2) Water area and waterways: both are spatial data, with polygons or lines in map representing the water information in certain location. For each polygon, we calculate its intersection area with water area polygons, and calculate the distance of grid centroid to the nearest waterways. These two features indicate the geographic relation between our object area and waters.

3) Elevation and slope: elevation is raster data at 3 arc second resolutions, while also helps generate the slope values. We apply a zonal statistical method on the raster file and grid shapefiles, and obtain the average, max, min and standard deviation statistics of elevations and slopes in each grid unit.

4) Land cover: water storage capacity has great effect on the formation of flood, so the land cover type could be a very predictive feature for flood risk. We downloaded land cover map from Food and Agriculture Organization of the United Nations, can calculate the percentage of surface types for each grid.

After data wrangling, we explore several questions to build models. Some has decent results for us to keep working on.

Deep Learning Models:

In this method, the dataset is composed of image patches randomly sampled from color-coded map of Senegal, where each color represents a different feature of the land. We currently have a convolutional neural network that can classify whether a patch of land will be flooded within the next year at 85% accuracy. The dataset was labeled using a simple algorithm that counts occurrences of RGB values within a specified range, and if the number of occurrences is above a certain threshold then the image is labeled as ‘flooded’.

The classification accuracy is used to see how well the current network architecture can encode information, so that an autoencoder model that can generate flood patterns within specific images can be built on top of it. Another model in progress is one that can predict flood risk in a specified area with respect to time. An RNN is being used for this purpose. We hope to represent risk in different areas using a choloropleth map.

Machine Learning Models:

- Regression: Can we model the average area of flooding for each grid over all study days by the static topographic features and an average of weather features?

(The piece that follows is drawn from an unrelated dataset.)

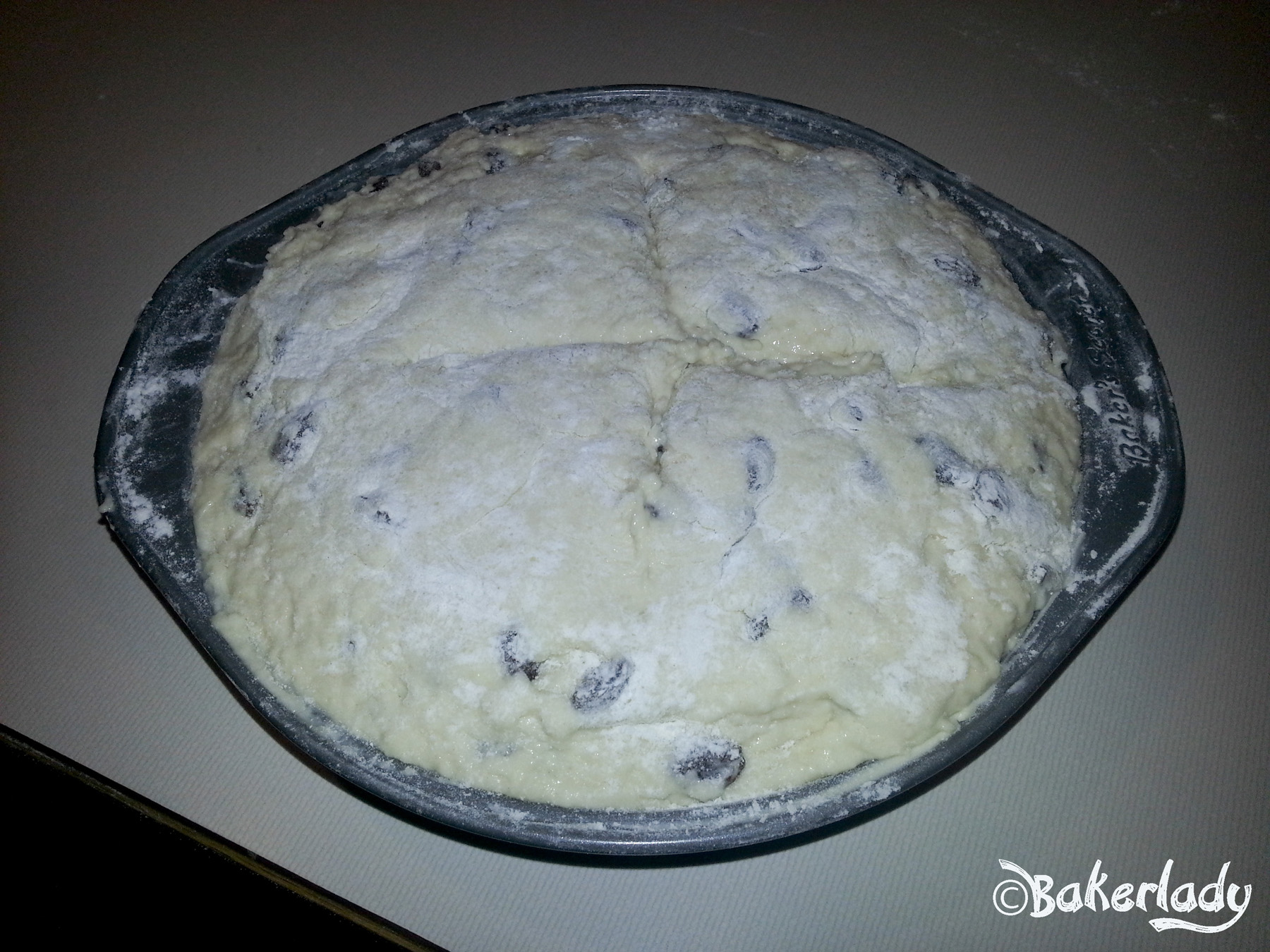 *In a mixing bowl, combine flour (reserving 1 tablespoon), sugar, baking powder, baking soda, and salt. In a small bowl, blend eggs, buttermilk and sour cream. Stir the liquid mixture into flour mixture just until flour is moistened. Knead dough in bowl about 10 to 12 strokes. Dough will be sticky. Place the dough in the prepared skillet or pan and pat down. Cut a 4×3/4 inch deep slit in the top of the bread. Dust with reserved flour

Random forest model: R-squared=0.806

- Classification: Can we model a grid flooded or not over the study dates, where flooded is determined by a variable threshold of percentage of flooding area in the grid?

Stochastic gradient boosting: Accuracy=0.895 when threshold is 0.25

- Regression: Extended the question 2, can we model the number of floods over study dates by a threshold?

Random forest model: R-squared=0.734

- Regression: Extended the question 3, can we train the data of 2015 and test on 2016 to evaluate model performance?

Random forest model: R-squared=0.730

- Regression & Classification: Can we predict the amount of flooding per cell per date, or whether it flooded or not by setting a threshold on the amount of flooding?

Generalized linear model: R-squared=0.155

In the next week, we will keep exploring models for the above questions.